The commencement exercise for the Class of 2009 was held at the Mississippi State Penitentiary at Parchman, where razor wire and guards greeted friends and relatives of the graduates.
With caps and gowns draped over black-and-white prison stripes, the new ministers — many of them convicted rapists and murderers — accepted their degrees knowing they would face skepticism.
‘‘The people are scared of you,’’ said the graduation speaker, Burl Cain, longtime warden at the Louisiana State Penitentiary at Angola. ‘‘Everybody’s watching you. They’re waiting for you to fail.’’ But Cain said they will be expected to help transform prison culture through their faith.
The Parchman inmates received degrees from the New Orleans Baptist Theological Seminary. The accredited institution first began offering prison courses to Angola inmates in 1996. Provost Steve Lemke said the school is also working with correctional systems in Georgia and Florida.
The seminary program that grants undergraduate degrees to inmates is a rarity, Lemke said.
A similar program administered by Columbia International University operates in South Carolina It graduated 15 inmates in December.
Mark Early, president of Prison Fellowship, a national prison ministry, said Liberty University in Virginia, New York Theological Seminary and Mercy College are some of the institutions that provide educational services to inmates. At Sing Sing Prison in New York, where more than 100 convicts have completed the Mercy College program, Early said 45 have been released and haven’t returned to prison.
‘‘This is very effective,’’ he said.
Becoming a minister wasn’t Jerry Mettetal’s plan when he entered Parchman 20 years ago on a life sentence for killing two people, including a sheriff’s deputy.
‘‘This will be my new job,’’ said Mettetal, a former member of the Simon City Royal prison gang. ‘‘I came here and for a long time I didn’t care. God allowed something to come into this prison to show that people can change.’’
James Wash, serving a life term for murder, said some inmates had to survive beatings to be released from prison gangs. In his own case, he said he was ‘‘questioned’’ by gang members when he told them he wanted to get out for the program. He wouldn’t be more specific.
The Parchman inmates research the Old and New Testaments and are taught how to preach, evangelize and counsel. Graduates hope to become ‘‘missionaries’’ and be allowed to go to other state facilities to minister to inmates.
Cain said the the ministry education program has made all the difference for the prison he runs in Louisiana, where he said acts of inmate violence decreased from 500 to 100 in a year’s time. In the 1970s, with 40 murders in one year at Angola, Life Magazine dubbed it ‘‘the bloodiest prison in America.’’
‘‘It became a moral place,’’ Cain said. ‘‘I have 145 bachelor degree inmates. When you have that many preachers walking around in the prison, starting churches, how can it be violent?’’
He said inmate-on-inmate assaults with weapons at Angola now average fewer than 100 a year.

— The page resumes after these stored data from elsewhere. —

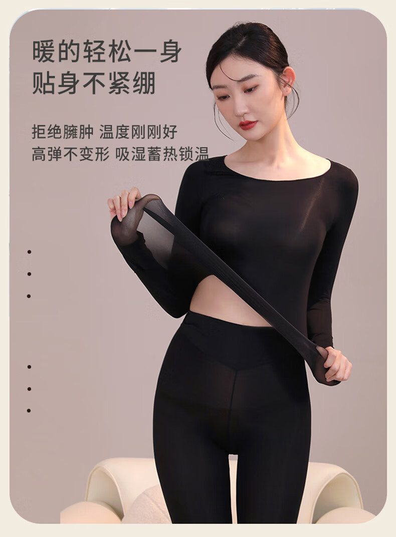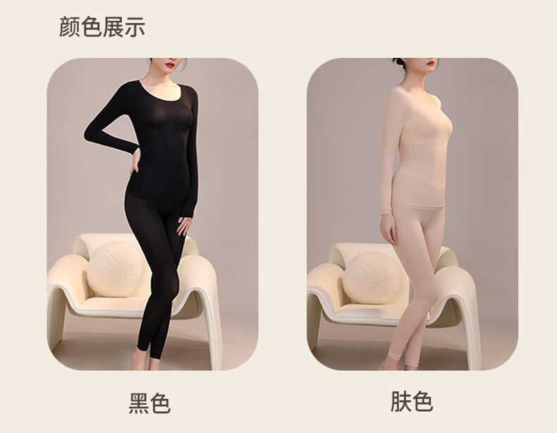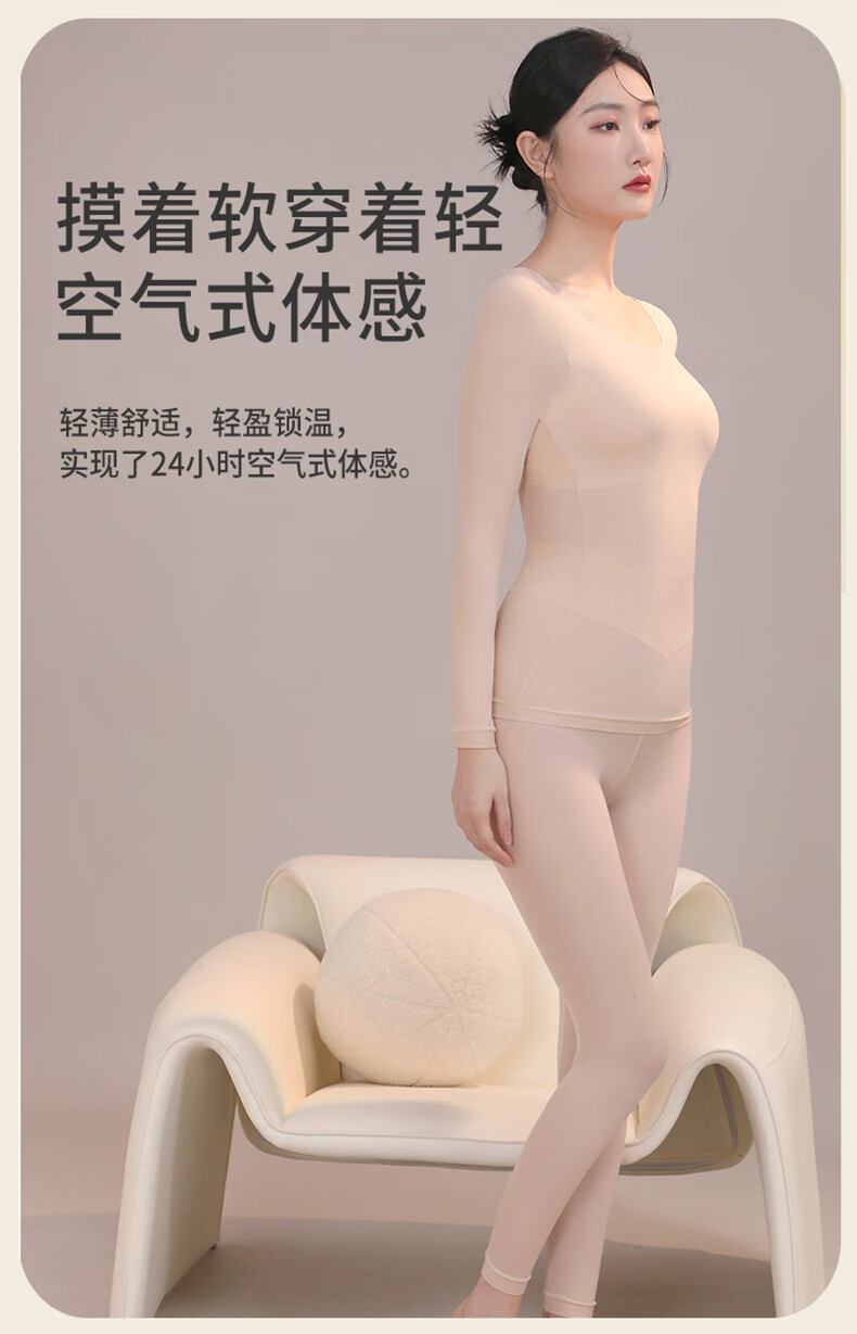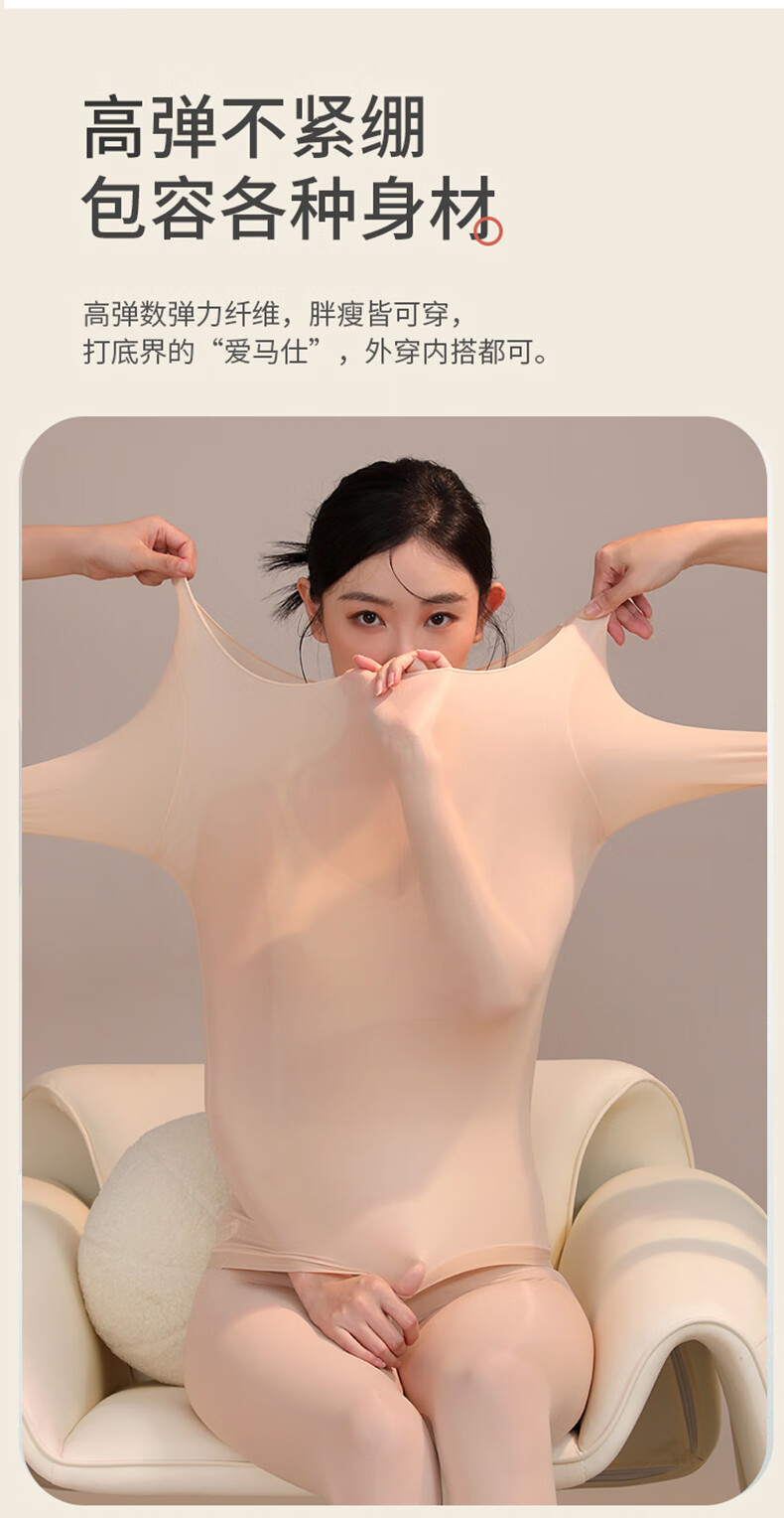 六月玫瑰 保暖内衣女新款面膜肌底衣轻薄打底秋衣秋裤保暖套装 单上衣2件装(肤+肤) 均码
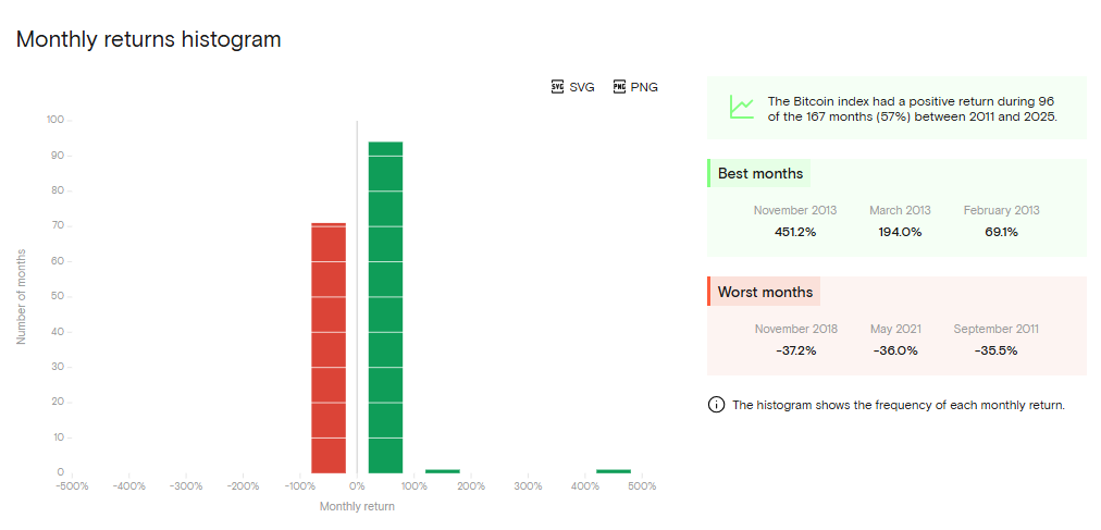 Najvolatilnejšie mesiace, ktoré Bitcoin priniesol. Zdroj: curvo.eu
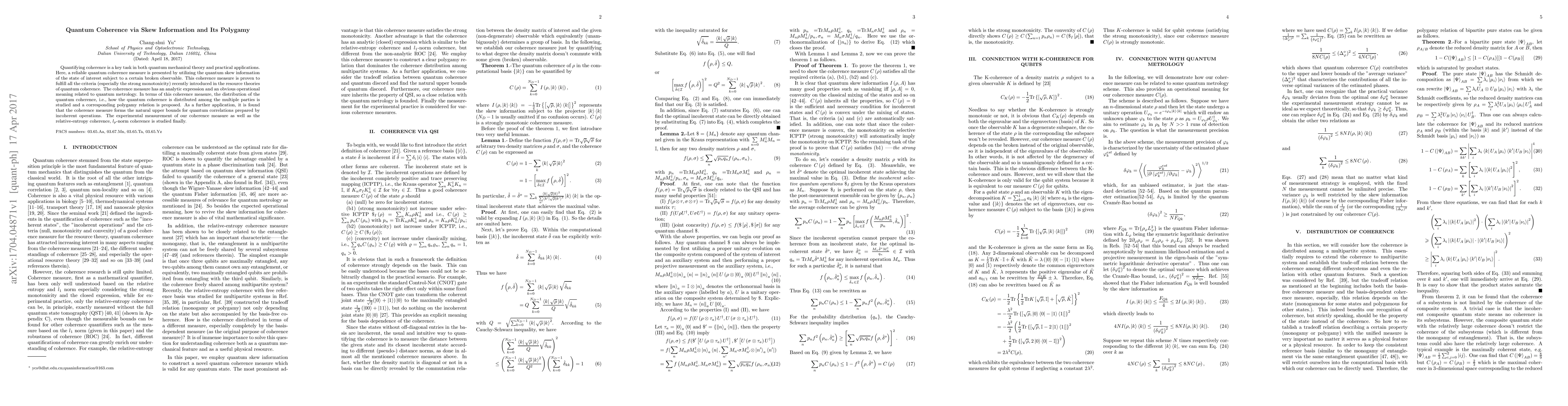 The research presents a unique approach to quantifying coherence using quantum skew information, offering an analytical expression and operational interpretation, along with a polygamy relation for multipartite systems.
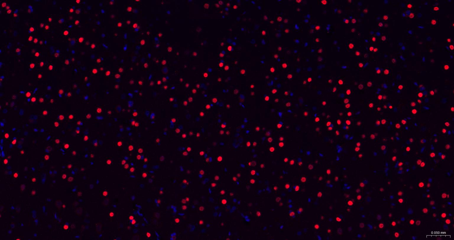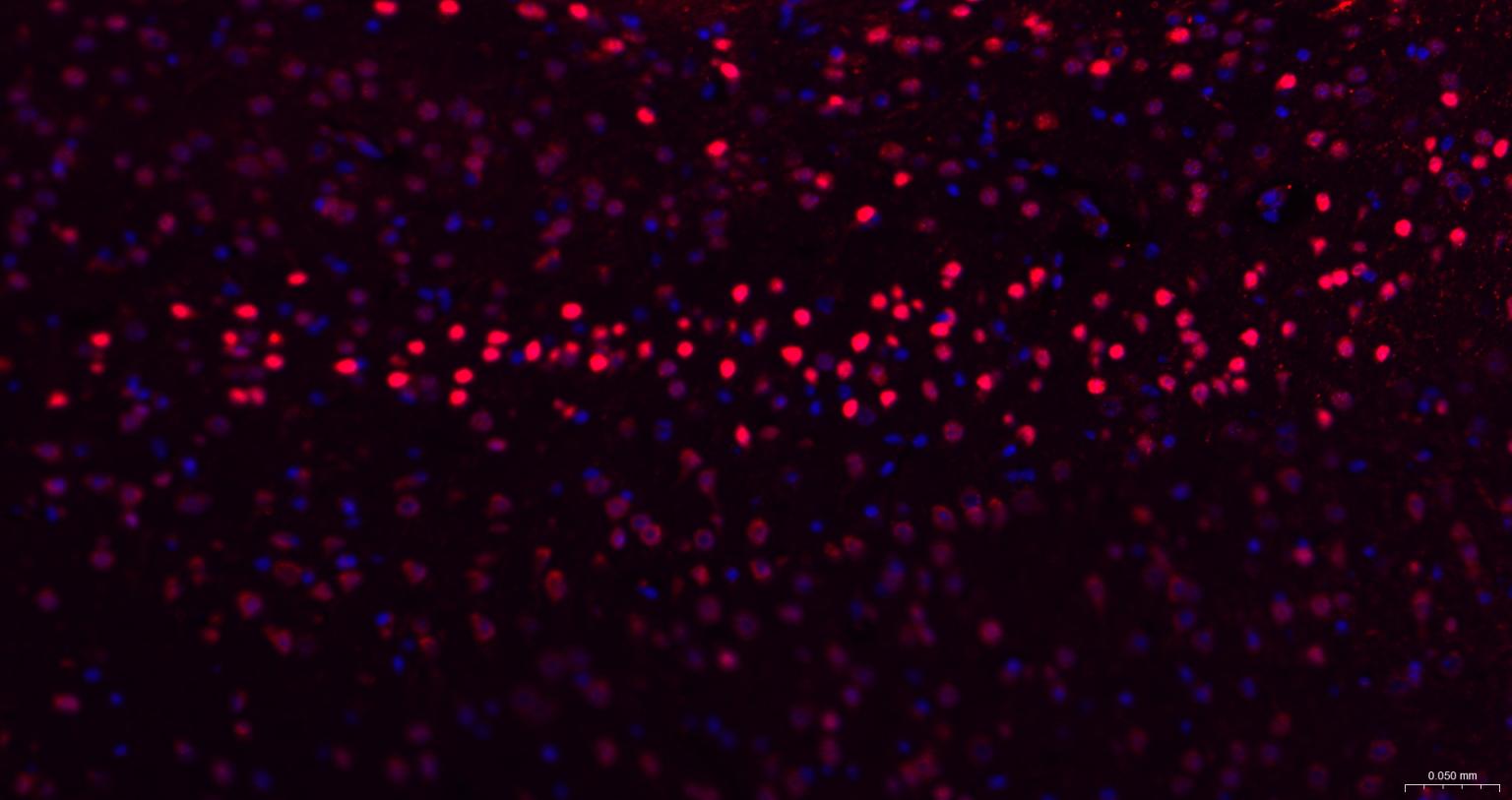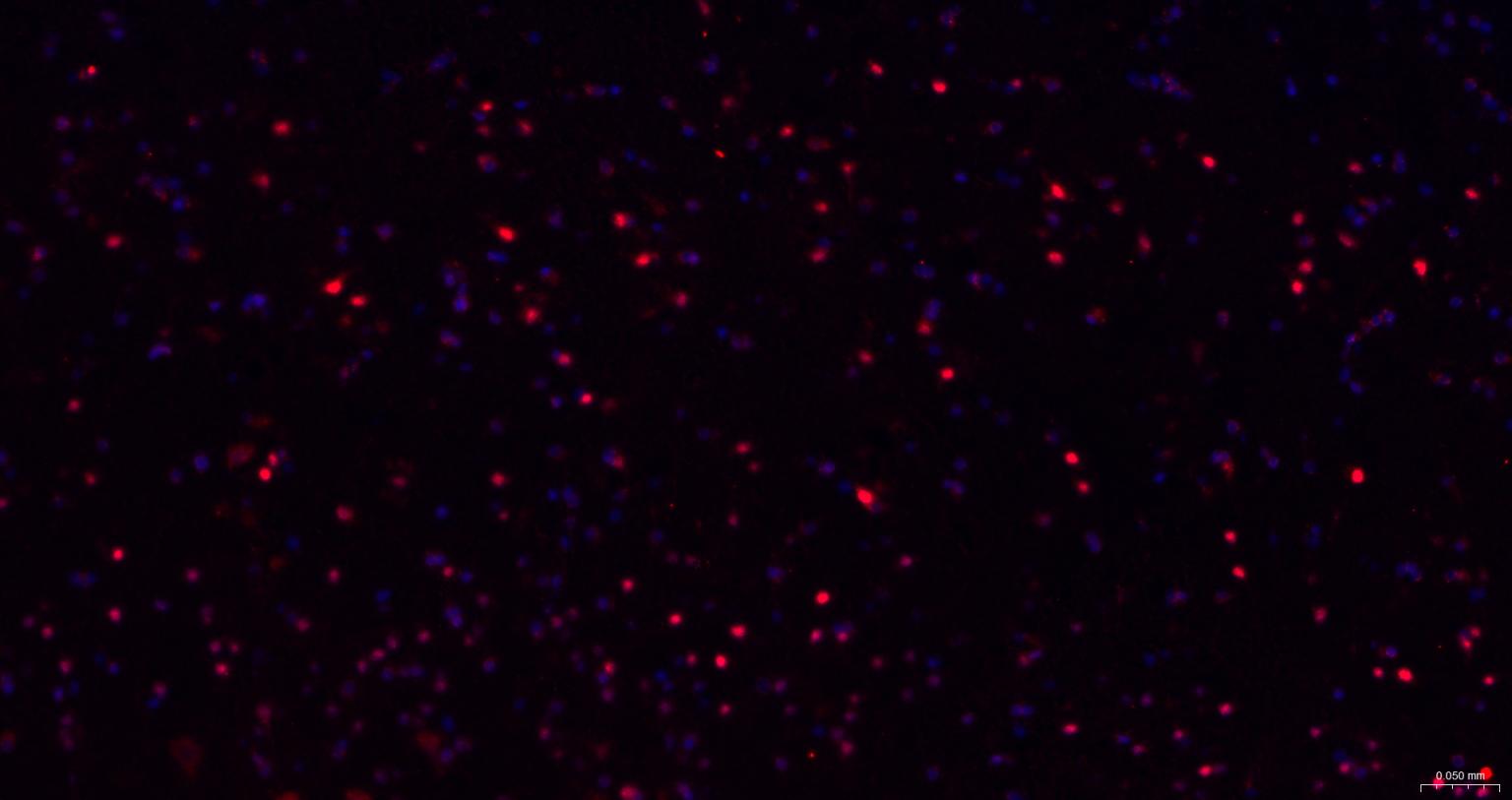 Paraformaldehyde-fixed, paraffin embedded Rat Cerebrum; Antigen retrieval by boiling in sodium citrate buffer (pH6.0) for 15 min; The section was incubated with TBR1 Monoclonal Antibody, Unconjugated (bsm-60877R) at 1:200 overnight at 4°C. Followed by conjugated Goat Anti-Rabbit IgG antibody (Red, bs-0295G-BF594), DAPI (blue, C02-04002) was used to stain the cell nuclei.
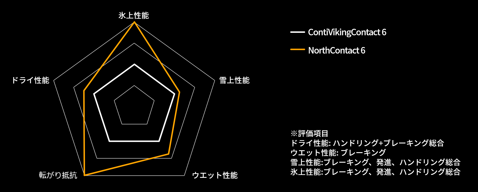 氷雪路路面でのパフォーマンスと、氷雪路以外でのパフォーマンスをわかりやすくまとめました。
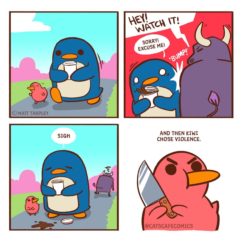 Kiwi: "kiwi" Bull: "oh no. Please don't! I'm sorry, Penguin!"
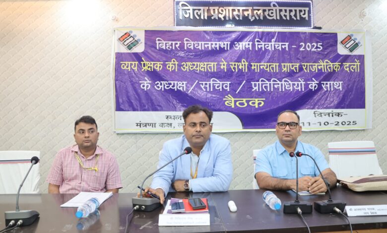 जिला पदाधिकारी ने संबंधित अधिकारियों को निर्वाचन संबंधी कार्यों को समयबद्ध और पारदर्शी ढंग से पूरा करने का निर्देश दिया। उन्होंने कहा कि किसी भी प्रकार की लापरवाही या देरी चुनाव प्रक्रिया को प्रभावित कर सकती है, इसलिए प्रत्येक विभाग अपनी जिम्मेदारी को गंभीरता से निभाए। बैठक में उपस्थित प्रमुख पदाधिकारियों में —श्रीमती विभा कुमारी, जिला उत्पाद अधीक्षक, नीरज कुमार, निदेशक, मनोज कुमार, नोडल पदाधिकारी (व्यय एवं लेखा अनुश्रवण), अविनाश कुमार अभिनव, शाखा प्रबंधक, ग्रामीण बैंक, सुमित कुमार, वन विभाग पदाधिकारी, कुणाल कुमार, कार्यपालक अभियंता, दीपक कुमार, पोस्ट मास्टर, लखीसराय डाकघर, मधुसूदन पासवान, उप निरीक्षक, रेलवे थाना किऊल, उमेश चौधरी, रेल पुलिस अधीक्षक, जमालपुर, राहुल कुमार, शाखा प्रबंधक, बंधन बैंक लखीसराय, राहुल रावत, ट्रेड मैनेजर, यूनियन बैंक ऑफ इंडिया, संजीत कुमार, माइनिंग ऑफिसर, लखीसराय, कुमार रंजन, जिला खनन पदाधिकारी सहित कई अन्य अधिकारी मौजूद रहे। बैठक को संबोधित करते हुए व्यय प्रेक्षक आस्थानंद पाठक ने कहा कि “स्वतंत्र और निष्पक्ष चुनाव कराना हमारी सर्वोच्च प्राथमिकता और जिम्मेदारी है। हमें यह सुनिश्चित करना है कि कोई भी मतदाता भ्रमित, प्रभावित या प्रलोभन में न आए। चुनाव आयोग की सभी गाइडलाइनों का कड़ाई से पालन किया जाए।” उन्होंने अधिकारियों से कहा कि यदि किसी स्तर पर कोई समस्या या अवरोध उत्पन्न हो, तो तुरंत वरीय पदाधिकारी को सूचित किया जाए और दिशा-निर्देश प्राप्त कर स्थिति का समाधान किया जाए। “हर विभाग की भूमिका अलग है, लेकिन लक्ष्य सबका एक है — निष्पक्ष और स्वच्छ चुनाव कराना,” उन्होंने यह भी जोड़ा कि सभी विभागों के बीच समन्वय और त्वरित संवाद ही सफलता की कुंजी है। बैठक में पुलिस अधीक्षक अजय कुमार, अपर समाहर्ता नीरज कुमार, अनुमंडल पदाधिकारी प्रभाकर कुमार, उप समाहर्ता शशि कुमार, जिला परिवहन पदाधिकारी मुकुल पंकज मणि, अनुमंडल पुलिस पदाधिकारी शिवम कुमार सहित अन्य प्रशासनिक व पुलिस अधिकारी उपस्थित थे। जिला निर्वाचन पदाधिकारी ने सुरक्षा व्यवस्था, निगरानी दलों की तैनाती, संवेदनशील क्षेत्रों की पहचान और मतदान केंद्रों की सुविधाओं की विस्तृत समीक्षा की। बैठक के अंत में जिला निर्वाचन पदाधिकारी मिथिलेश मिश्र ने कहा “लखीसराय जिला प्रशासन चुनाव आयोग के निर्देशों के अनुरूप पूरी तत्परता से कार्य करेगा। हमारा लक्ष्य है कि जिले में शांतिपूर्ण, निष्पक्ष और भयमुक्त मतदान संपन्न कराया जाए।” उन्होंने सभी अधिकारियों से अपील की कि वे समन्वय, पारदर्शिता और सतर्कता के साथ अपने दायित्वों का निर्वहन करें ताकि निर्वाचन प्रक्रिया लोकतंत्र के सर्वोच्च मानकों पर खरी उतर सके।

Violence once marked Parchman too, said Mississippi Corrections Commissioner Chris Epps.
‘‘We haven’t had a major incident since August 2007. That’s how I know what we’re doing is working,’’ Epps said.
Johnny Bley, director of Parchman’s faith-based initiative and a course instructor, said the program is funded by the Mississippi Baptist Convention so it’s not a taxpayer expense. The convention has provided more than $250,000 for the program that began in 2004.
Bley said the programs are open to individuals from all religions.
‘‘We’ve had quite a few Muslims who have gone through and graduated and they become ministers in their own faith,’’ Bley said. ‘‘What we try to do is get the men to see that this is their world for as long as they’ve been sentenced. They can make a difference in it.’’
But college can be intimidating, particularly behind prison walls. Bley said some Parchman inmates haven’t been in school for decades. Others enter the program with only a general equivalency diploma. Inmates are still held to the same standards as students at the seminary’s campus in New Orleans.
‘‘Many realize that academically they are not able to continue,’’ said Bley.
Others press on, despite known consequences.
‘‘They undergo persecution in various forms because of their faith. We’ve had a lot of gang members that have put down their flags because of their new commitment to Christ. Some of those have been beaten out,’’ Bley said. ‘‘It’s a difficult decision.’’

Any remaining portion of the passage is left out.